● **Task prompt**
In the listing below, the lines starting with the line with "Tête de lit" and going on through the line with "Die RmCU verfügt" are to be reproduced exactly, and only those.

● **Dataset**
***

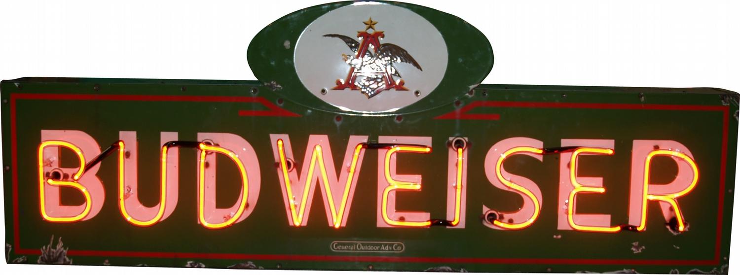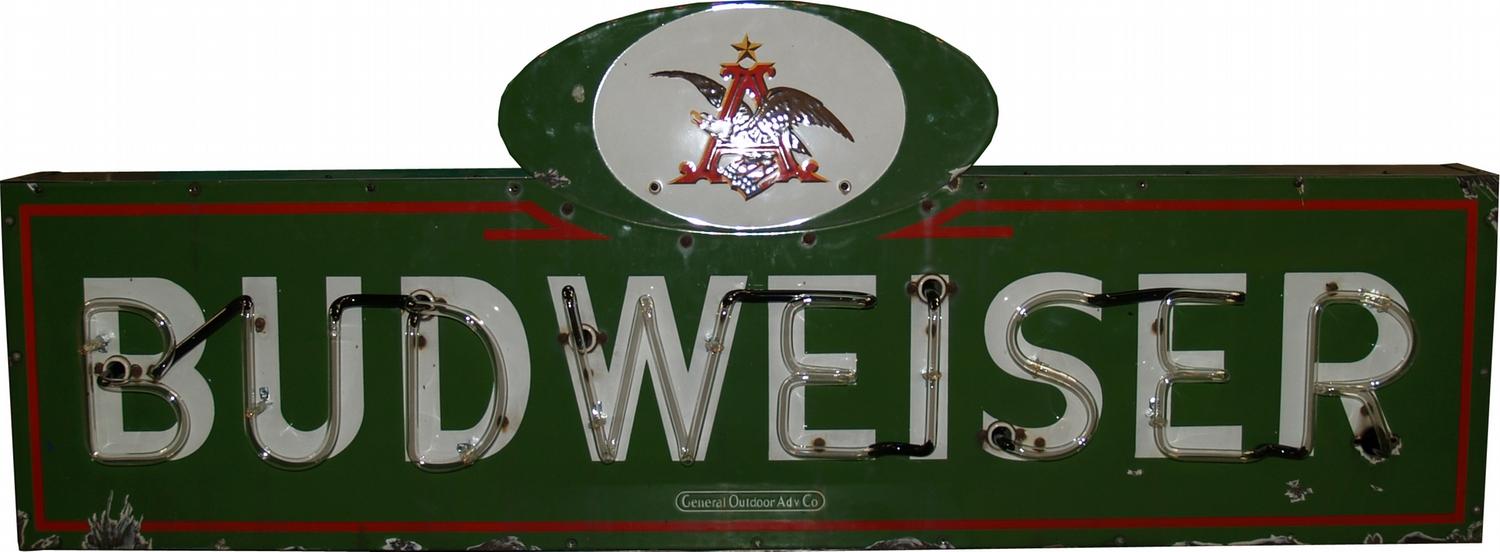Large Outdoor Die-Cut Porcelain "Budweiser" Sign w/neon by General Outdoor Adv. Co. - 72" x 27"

***

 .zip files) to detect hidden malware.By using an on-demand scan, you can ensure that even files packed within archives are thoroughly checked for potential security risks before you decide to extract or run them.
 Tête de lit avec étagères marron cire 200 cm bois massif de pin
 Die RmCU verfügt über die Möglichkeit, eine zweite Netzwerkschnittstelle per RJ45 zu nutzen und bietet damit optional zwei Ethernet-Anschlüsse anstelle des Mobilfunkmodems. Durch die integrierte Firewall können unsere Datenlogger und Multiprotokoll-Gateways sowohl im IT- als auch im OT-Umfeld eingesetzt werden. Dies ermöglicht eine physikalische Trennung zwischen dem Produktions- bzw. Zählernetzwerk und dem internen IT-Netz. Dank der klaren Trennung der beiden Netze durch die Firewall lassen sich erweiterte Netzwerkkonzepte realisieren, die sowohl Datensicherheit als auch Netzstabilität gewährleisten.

***

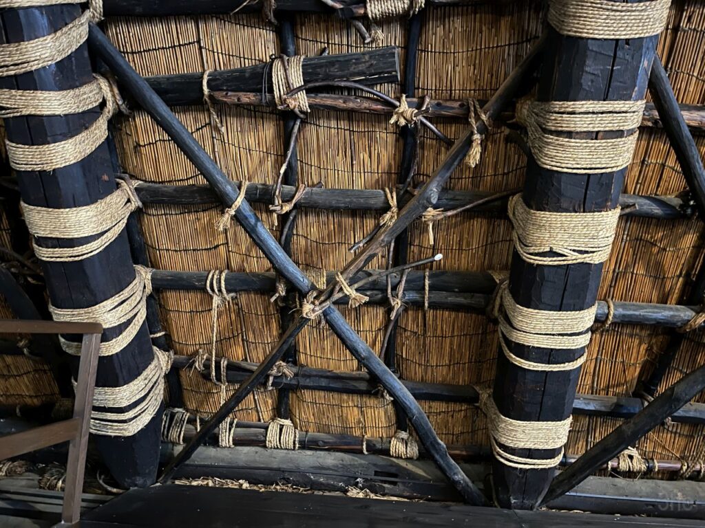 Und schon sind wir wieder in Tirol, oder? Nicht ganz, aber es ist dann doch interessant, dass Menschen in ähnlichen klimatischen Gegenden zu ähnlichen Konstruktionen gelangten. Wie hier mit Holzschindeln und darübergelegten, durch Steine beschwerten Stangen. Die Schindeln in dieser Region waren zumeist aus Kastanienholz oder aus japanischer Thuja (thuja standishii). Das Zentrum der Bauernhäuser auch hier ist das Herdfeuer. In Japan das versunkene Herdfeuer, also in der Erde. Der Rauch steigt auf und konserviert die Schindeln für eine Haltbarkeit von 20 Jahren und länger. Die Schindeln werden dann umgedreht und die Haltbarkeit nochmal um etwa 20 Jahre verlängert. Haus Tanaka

***

● **Answer box**
 Tête de lit avec étagères marron cire 200 cm bois massif de pin
 Die RmCU verfügt über die Möglichkeit, eine zweite Netzwerkschnittstelle per RJ45 zu nutzen und bietet damit optional zwei Ethernet-Anschlüsse anstelle des Mobilfunkmodems. Durch die integrierte Firewall können unsere Datenlogger und Multiprotokoll-Gateways sowohl im IT- als auch im OT-Umfeld eingesetzt werden. Dies ermöglicht eine physikalische Trennung zwischen dem Produktions- bzw. Zählernetzwerk und dem internen IT-Netz. Dank der klaren Trennung der beiden Netze durch die Firewall lassen sich erweiterte Netzwerkkonzepte realisieren, die sowohl Datensicherheit als auch Netzstabilität gewährleisten.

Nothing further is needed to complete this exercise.